Мальчишки озирались в полном недоумении. – Э-эээ…
– Вам не кажется, что постройка ужасно скучная, а? Унылая, ничем не украшенная…
– Горгульи!
Все обернулись, уставились на… Уолли Бэбба, который вырядился Горгульей на Канун Всех святых. Он просиял от гордости.
– Горгульи! Здесь нет ни одной горгульи, ни одной химеры.
– Горгульи. – Смерч произнес диковинное слово раздельно, тягуче, смакуя, ощупывая его своим языком ящерицы. – Горгульи. А не рассадить ли нам их по местам, а, ребятки?
– Как?
– Пожалуй, можно просто свистнуть им – и они тут как тут!

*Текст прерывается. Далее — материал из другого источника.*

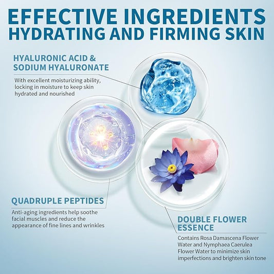 Hydrating and Firming Essence Sheet Face Masks with Quadruple Peptide and Sodium Hyaluronate, Moisturizing & Anti-Wrinkle, Safe for Sensitive Skin, Pack of 10
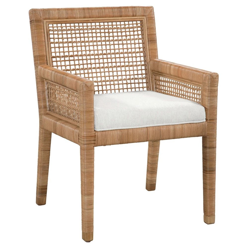 • Bella Coastal Beach Beige Performance Natural Rattan Dining Arm Chair|Kathy Kuo Home
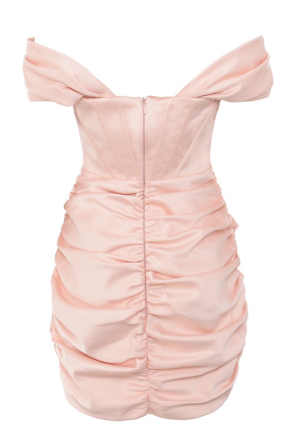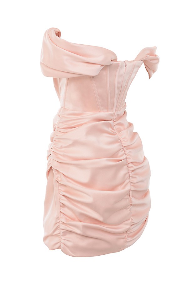 Kalın parlak düşes saten kumaşlı kolları omuzdan sarkan ve göğüs içi kaydırmaz detaylıdı etek kısımları drapeli mini elbise.
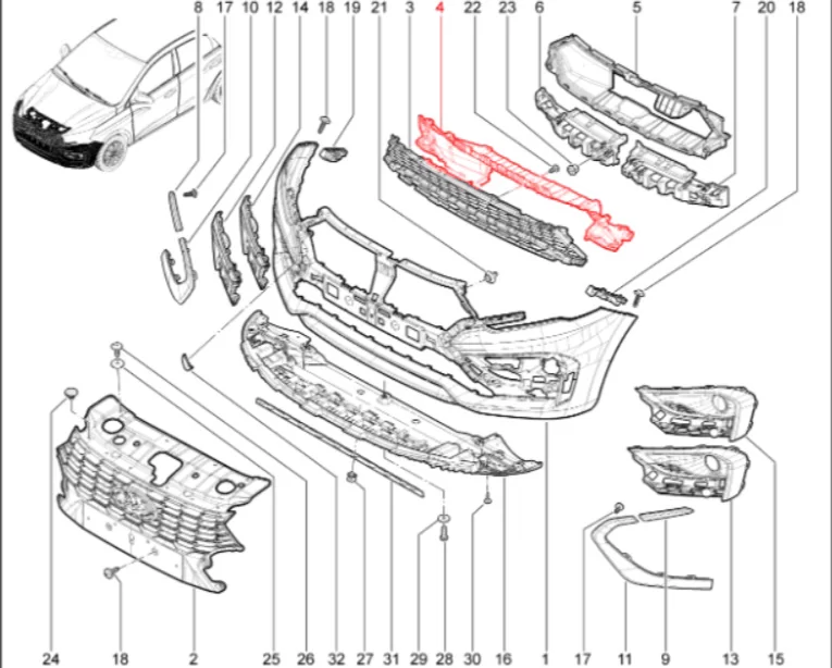 Штатный оригинальный щиток направляющий переднего бампера нижний для Lada Iskra.
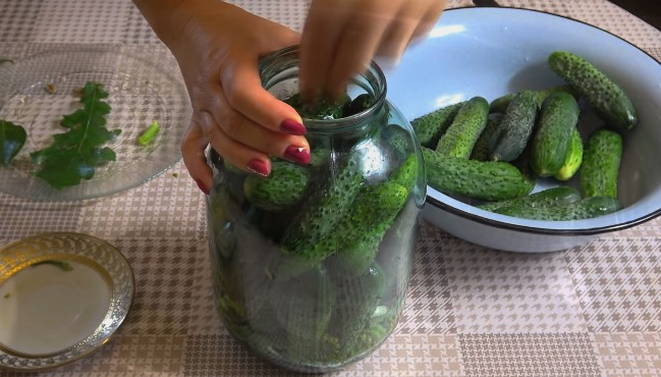 - Vervolgens doen we de voorbereide komkommers in een pot en drukken ze vrij strak tegen elkaar.

А ну свистите, зовите сюда бесов, свистите чертям, зовите заливистым свистом адских чудовищ и клыкастых ночных тварей!
Уолли Бэбб набрал полную грудь воздуху.
– Я готов!
Да как свистнет!
Все засвистели.
А чудища?
Они примчались со всех ног.
Глава 16
Находившиеся не у дел, неприкаянные существа по всей полуночной Европе встряхнулись во сне и воспрянули от каменного своего сна.
А это значит, что все средневековые гербовые звери, все стародавние сказки, древние кошмары, все ветхие, заштатные демоны, все погибавшие в небытии ведьмы, все вздрогнули, заслышав зов, и понеслись, поднимая пыльные смерчи, по всем дорогам, бесшумно полетели по воздуху, прорвались, как заряды дроби, сквозь кроны потрясенных деревьев, перебрели ручьи, переплыли реки, пронеслись выше леса стоячего и ниже облака ходячего – и прибывали, валили валом.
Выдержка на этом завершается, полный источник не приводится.